Day 39 (of 2024/25) suing for grades… a blockbuster future…?
https://apple.news/AckcMyn0zTdeAEl7-Uua9Uw
I have mentioned before that I think the cell phone and its embedded tools is the disruptor that many of us have anticipated (at one point thinking it may be computers… then laptops… then tablets…but the “toolkit that fits in a pocket” sure feels like the ‘Netflix offering itself to Blockbuster moment’ that many educators are treating much as Blockbuster Video did – ignore it and hope it goes away…

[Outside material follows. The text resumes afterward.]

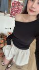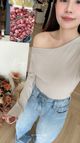 奶油日月斜肩上衣

One key part is the tools enabled by the cell phone evolution and how people use their tools to enhance their learning. When we focus on letter grades and %s, the story is ‘reporting achievement’ (usually compared to others) where as encapsulating student work over time and how it ends up as an artifact of learning, the focus is on the journey more than the completion – and if people are using AI… that becomes part of the story…

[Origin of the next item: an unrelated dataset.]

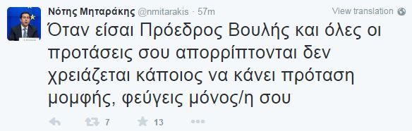 Ένα αιχμηρό σχόλιο για την Πρόεδρο της Βουλής, Ζωή Κωνσταντοπούλου, ανήρτησε στον προσωπικό του λογαριασμό στο Twitter, ο βουλευτής της Νέας Δημοκρατίας, Νότης Μηταράκης. Συγκεκριμένα, έγραψε: «Όταν είσαι Πρόεδρος της Βουλής και όλες οι προτάσεις σου απορρίπτονται δεν χρειάζεται κάποιος να κάνει πρόταση μομφής, φεύγεις μόνος/η σου».
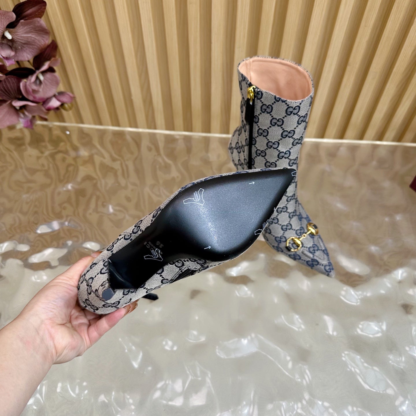 Gucci 2025 Thick-heeled Square-toed Ankle Boots Blue Sheepskin Fabric 498065

Or we can debate nuances and sue teachers and school about old fashioned (always unreliable and inaccurate) we think letter grades and %s worked in the “good old days” (that weren’t) and let courts decide.

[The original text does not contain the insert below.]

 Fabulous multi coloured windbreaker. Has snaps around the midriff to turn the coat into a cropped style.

Is it plagiarism? Then we are taking the “A” away from AI… and need to reconsider our allowance of calculators in most math courses – even graphing and ‘those’ subjects… cuz it ain’t the brain doing the calculations…
I hope the family wins this case. And we rethink how we teach effective and affective use of these powerful learning tools.
Cuz “AI detection tools” aren’t reliable; and a friend just shared how after four iterations of a document, only using AI, the detection tools saw it as human written…
One of my experiments has been to create an assignment where students can only is AI tools, and I was surprised that they rebelled – they didn’t like it because it didn’t feel like it actually represented their thoughts/voice. Mind you we tend to focus on descriptive feedback over task tabulation to reach a final grade…
Concerns over cheating ain’t new – and as long as there is a contest to reach the “high score” compared to others… it’ll happen on tests and tasks that focus on scores over learning…
Time to edu-volve and focus on the learning rather than scores – the shift from reporting achievement to communicating learning!